Cat and Mouse by Gunter Grass

Cat and Mouse by Gunter Grass

Author:Gunter Grass [Grass, Gunter]
Language: eng
Format: epub
Published: 2012-11-05T20:16:02+00:00


Chapter

VIII

The investigation dragged on, ruining our Saturday afternoon and bringing no results. I remember few details and those are hardly worth talking about, for I had to keep an eye on Mahlke and his necktie, whose knot he periodically tried to push up higher; but for Mahlke's purposes a hook would have been needed. No, you were beyond help.
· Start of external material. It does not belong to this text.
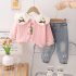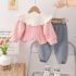 Set de 3 piese din bomber cu guler Peter Pan și elemente 3D, bluză și pantaloni din denim Sweet Hopper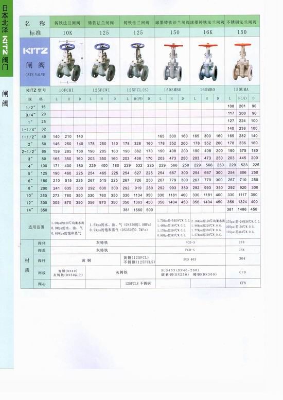 日本北澤KITZ鑄鐵法蘭閘閥:閘閥的啟閉件是閘板,閘板的運動方向與流體方向相垂直,閘閥只能作全開和全關 , 不能作調節和節流。閘板有兩個密封面 , 最常用的模式閘板閥的兩個密封面形成楔形、楔形角隨閥門參數而異 , 通常為 50, 介質溫度不高時為 2°52' 。

But what of the lieutenant commander? The question seems hardly worth asking, but it can be answered in few words. He was not present at the afternoon investigation, and it may well have been true, as unconfirmed rumors had it, that he spent the afternoon with his fiancée, looking through the city's three or four medal shops. Somebody in our class claimed to have seen him on Sunday at the Four Seasons Café, sitting with his fiancée and her parents, and allegedly nothing was missing between his collarbones: the visitors to the café may have noticed, with a certain awe, who was sitting there in their midst, trying his well-mannered best to cut the recalcitrant cake of the third war year with a fork.

I didn't go to the café that Sunday. I had promised Father Gusewski to serve as his altar boy at early Mass. Shortly after seven Mahlke came in with his bright necktie and was unable, despite the aid of the usual five little old women, to dispel the emptiness of the former gymnasium. He received communion as usual on the outer left. The previous evening, immediately after the investigation at school, he must have come to St. Mary's Chapel and confessed; or perhaps, for one reason or another, you whispered into Father Wiehnke's ear at the Church of the Sacred Heart.

Gusewski kept me, inquired after my brother, who was fighting in Russia, or maybe he had stopped fighting, for there had been no news of him for several weeks. Once again I had ironed and starched all the altar covers and the alb, and it is perfectly possible that he gave me a roll or two of raspberry drops; what I know for sure is that Mahlke was gone when I left the sacristy. He must have been one car ahead of me. On Max-Halbe-Platz I boarded the trailer of a No. 9 car. Schilling jumped on at Magdeburger Strasse after the car had gathered considerable speed. We spoke of something entirely different. Maybe I offered him some of Father Gusewski's raspberry drops. Between Saspe Manor and Saspe Cemetery, we overtook Hotten Sonntag. He was riding a lady's bicycle and carrying the little Pokriefke girl astraddle on the baggage rack. The spindly little thing's thighs were still as smooth as frogs' legs, but she was no longer flat all over. The wind showed that her hair had grown longer.

We had to wait at the Saspe siding for the car coming from the opposite direction, and Hotten Sonntag and Tulla passed us. At the Brösen stop the two of them were waiting. The bicycle was leaning against a waste-paper basket provided by the beach administration.